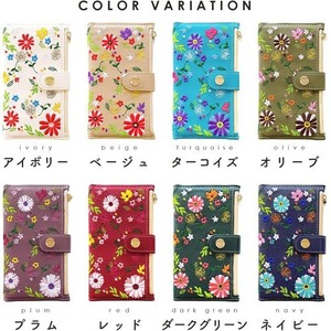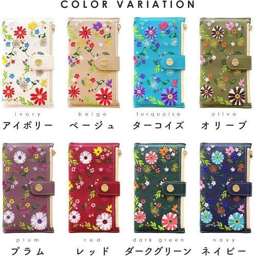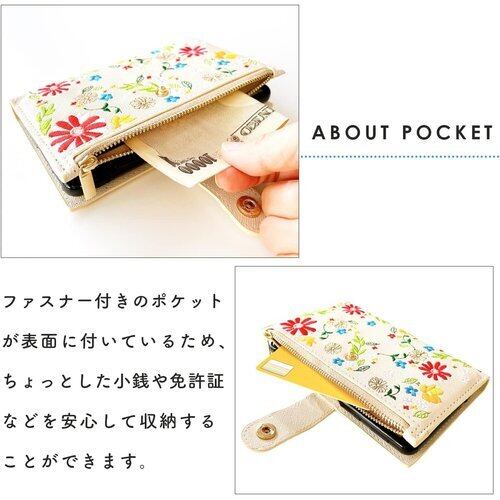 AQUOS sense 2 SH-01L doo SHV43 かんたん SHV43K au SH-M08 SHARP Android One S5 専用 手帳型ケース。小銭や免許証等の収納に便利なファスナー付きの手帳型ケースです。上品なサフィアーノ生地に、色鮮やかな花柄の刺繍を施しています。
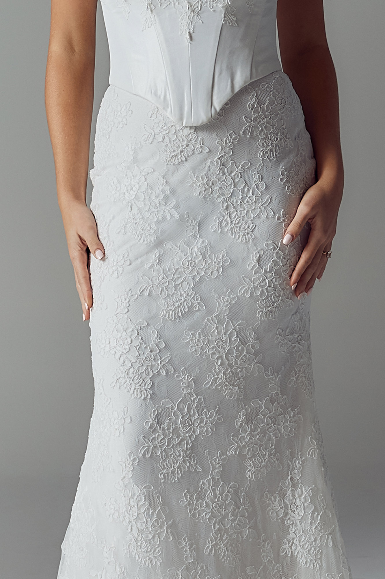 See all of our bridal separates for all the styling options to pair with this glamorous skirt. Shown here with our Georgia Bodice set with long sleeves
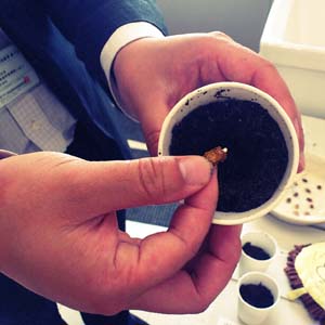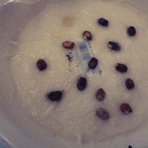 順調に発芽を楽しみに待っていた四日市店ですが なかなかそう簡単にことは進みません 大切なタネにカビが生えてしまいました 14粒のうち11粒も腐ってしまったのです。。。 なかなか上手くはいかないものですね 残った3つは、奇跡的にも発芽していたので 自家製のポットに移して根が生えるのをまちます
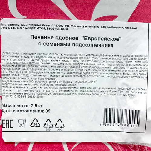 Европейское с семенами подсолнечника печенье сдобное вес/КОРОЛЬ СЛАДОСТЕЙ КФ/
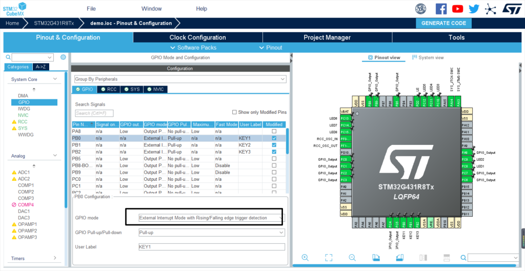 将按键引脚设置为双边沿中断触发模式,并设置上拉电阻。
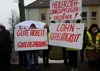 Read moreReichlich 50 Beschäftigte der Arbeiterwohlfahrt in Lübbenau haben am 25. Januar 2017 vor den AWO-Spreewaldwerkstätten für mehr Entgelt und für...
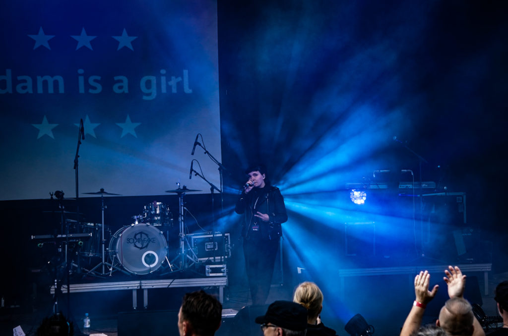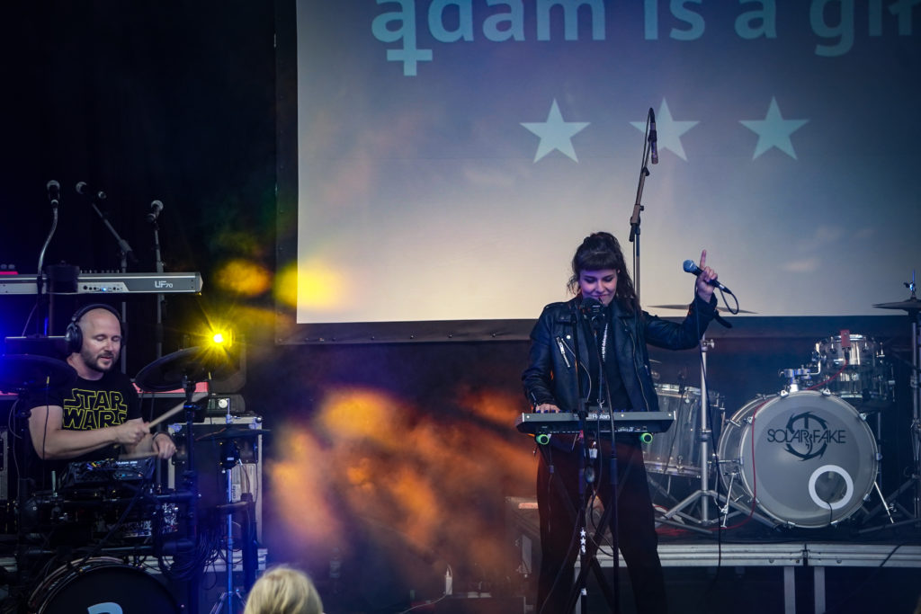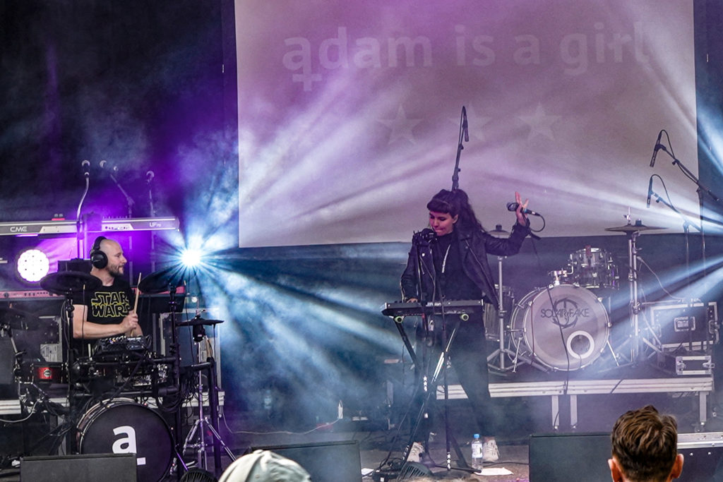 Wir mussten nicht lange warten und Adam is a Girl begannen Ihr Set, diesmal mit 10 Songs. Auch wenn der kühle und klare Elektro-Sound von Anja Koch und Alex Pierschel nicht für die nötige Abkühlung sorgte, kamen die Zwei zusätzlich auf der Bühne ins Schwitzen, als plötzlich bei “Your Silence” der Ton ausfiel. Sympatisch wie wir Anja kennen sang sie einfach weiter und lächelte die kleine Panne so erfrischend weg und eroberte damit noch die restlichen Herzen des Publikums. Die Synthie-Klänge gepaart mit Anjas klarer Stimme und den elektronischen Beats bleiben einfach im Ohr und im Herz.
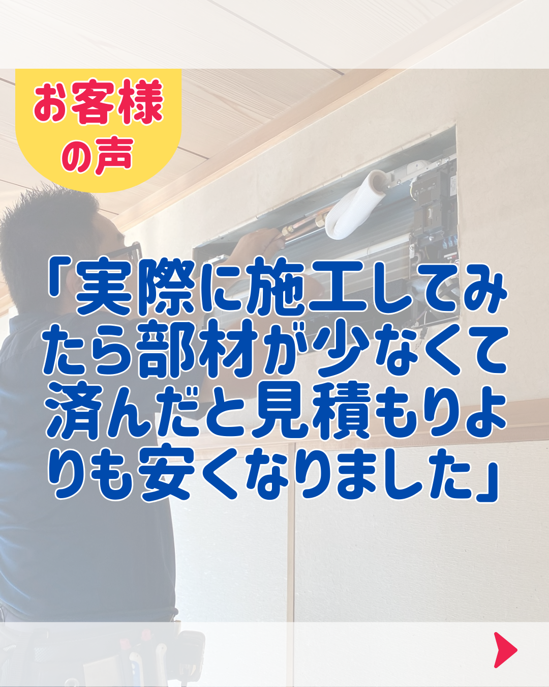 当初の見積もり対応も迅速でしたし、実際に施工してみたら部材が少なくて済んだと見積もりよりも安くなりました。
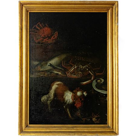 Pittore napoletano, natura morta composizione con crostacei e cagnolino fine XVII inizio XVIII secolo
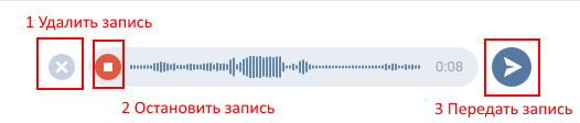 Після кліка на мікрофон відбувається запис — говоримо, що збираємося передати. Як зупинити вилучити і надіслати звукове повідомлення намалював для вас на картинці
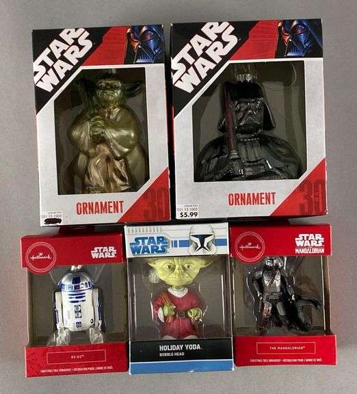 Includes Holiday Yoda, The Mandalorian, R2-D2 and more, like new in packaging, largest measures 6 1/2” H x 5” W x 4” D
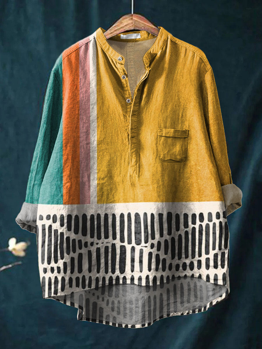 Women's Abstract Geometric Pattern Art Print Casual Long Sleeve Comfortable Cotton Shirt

...

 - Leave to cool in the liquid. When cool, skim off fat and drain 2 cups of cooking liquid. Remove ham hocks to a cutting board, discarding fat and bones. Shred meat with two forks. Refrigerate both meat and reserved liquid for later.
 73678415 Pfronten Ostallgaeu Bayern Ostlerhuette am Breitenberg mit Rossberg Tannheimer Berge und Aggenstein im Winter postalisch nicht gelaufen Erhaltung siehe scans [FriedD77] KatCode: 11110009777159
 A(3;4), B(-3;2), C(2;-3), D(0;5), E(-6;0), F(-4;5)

● Your assignment
Beginning with the line above that contains "Европейское с семенами" and finishing with the line that contains "Women's Abstract Geometric", print those lines exactly and only. Skip all pictures.

● Your response
 Европейское с семенами подсолнечника печенье сдобное вес/КОРОЛЬ СЛАДОСТЕЙ КФ/
 将按键引脚设置为双边沿中断触发模式,并设置上拉电阻。
 Read moreReichlich 50 Beschäftigte der Arbeiterwohlfahrt in Lübbenau haben am 25. Januar 2017 vor den AWO-Spreewaldwerkstätten für mehr Entgelt und für...
 Wir mussten nicht lange warten und Adam is a Girl begannen Ihr Set, diesmal mit 10 Songs. Auch wenn der kühle und klare Elektro-Sound von Anja Koch und Alex Pierschel nicht für die nötige Abkühlung sorgte, kamen die Zwei zusätzlich auf der Bühne ins Schwitzen, als plötzlich bei “Your Silence” der Ton ausfiel. Sympatisch wie wir Anja kennen sang sie einfach weiter und lächelte die kleine Panne so erfrischend weg und eroberte damit noch die restlichen Herzen des Publikums. Die Synthie-Klänge gepaart mit Anjas klarer Stimme und den elektronischen Beats bleiben einfach im Ohr und im Herz.
 当初の見積もり対応も迅速でしたし、実際に施工してみたら部材が少なくて済んだと見積もりよりも安くなりました。
 Pittore napoletano, natura morta composizione con crostacei e cagnolino fine XVII inizio XVIII secolo
 Після кліка на мікрофон відбувається запис — говоримо, що збираємося передати. Як зупинити вилучити і надіслати звукове повідомлення намалював для вас на картинці
 Includes Holiday Yoda, The Mandalorian, R2-D2 and more, like new in packaging, largest measures 6 1/2” H x 5” W x 4” D
 Women's Abstract Geometric Pattern Art Print Casual Long Sleeve Comfortable Cotton Shirt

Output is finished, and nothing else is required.